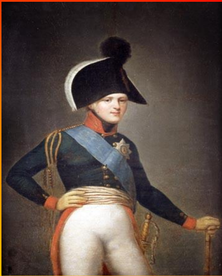
Портрет Императора Александра I. Кюгельхен Г. 1801.
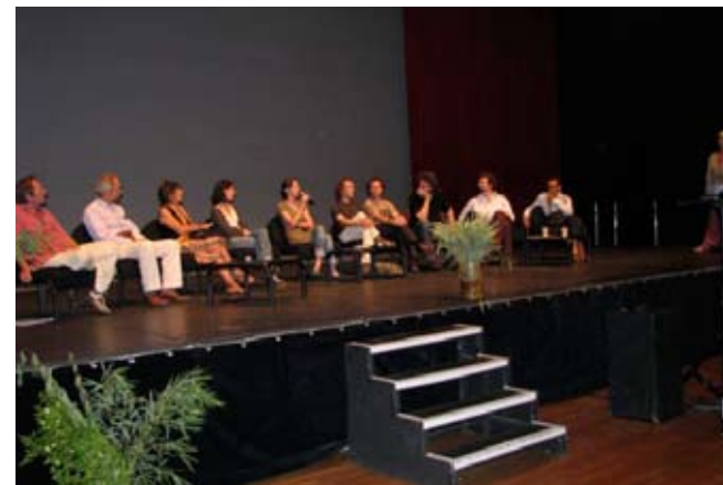
Panel d'acteurs locaux à Bourges le 22 juin

Ces groupes ont pour vocation d'être les témoignages de la démarche de Colibris en offrant localement un espace de rencontre, d'échange et d'action.
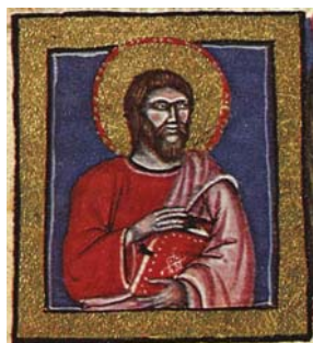
Sl. 7. Sv. Luka Evanđelist (Hrvojev misal, f. 41c) Fig. 7. S. Luca Vangelista (Messale del Duca Hrvoje, f. 41c)
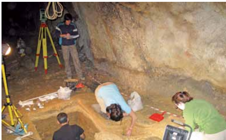
Askondoko koban topatutakoak berba egingo dute egunean.
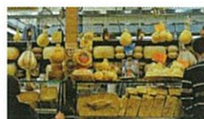
いろいろなチーズ
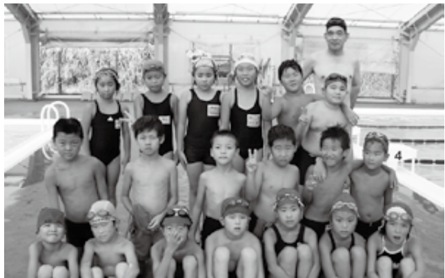
◀ 2・3年生のクラスのみんな

8月5日（日）には、水泳技能認定が実施され、子どもたちは5日間の教室での成果を披露し、それぞれの泳力に応じた認定証がB&G財団より交付されました。 また、期間中には泳ぎの上達だけではなく、水の危険性についても学ぶプログラムが行われ、水の事故を防止する為の心構えや対処法などを学びました。
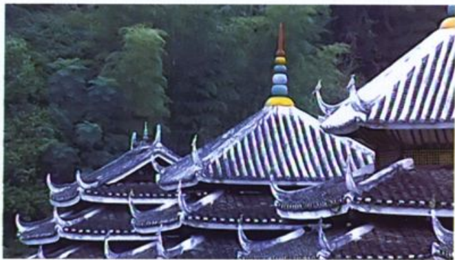
● 飞 檐
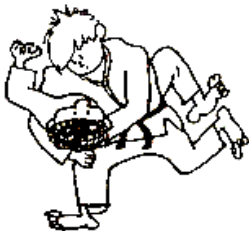
MAKURA-GESA-GATAME CONTRÔLE LATERO-COSTAL EN OREILLER
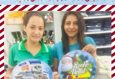
Americanas Center Modas

- Activity: Reproduce all entries above exactly, minus the images.

- Task answer:
Портрет Императора Александра I. Кюгельхен Г. 1801.
Panel d'acteurs locaux à Bourges le 22 juin

Ces groupes ont pour vocation d'être les témoignages de la démarche de Colibris en offrant localement un espace de rencontre, d'échange et d'action.
Sl. 7. Sv. Luka Evanđelist (Hrvojev misal, f. 41c) Fig. 7. S. Luca Vangelista (Messale del Duca Hrvoje, f. 41c)
Askondoko koban topatutakoak berba egingo dute egunean.
いろいろなチーズ
◀ 2・3年生のクラスのみんな

8月5日（日）には、水泳技能認定が実施され、子どもたちは5日間の教室での成果を披露し、それぞれの泳力に応じた認定証がB&G財団より交付されました。 また、期間中には泳ぎの上達だけではなく、水の危険性についても学ぶプログラムが行われ、水の事故を防止する為の心構えや対処法などを学びました。
● 飞 檐
MAKURA-GESA-GATAME CONTRÔLE LATERO-COSTAL EN OREILLER
Americanas Center Modas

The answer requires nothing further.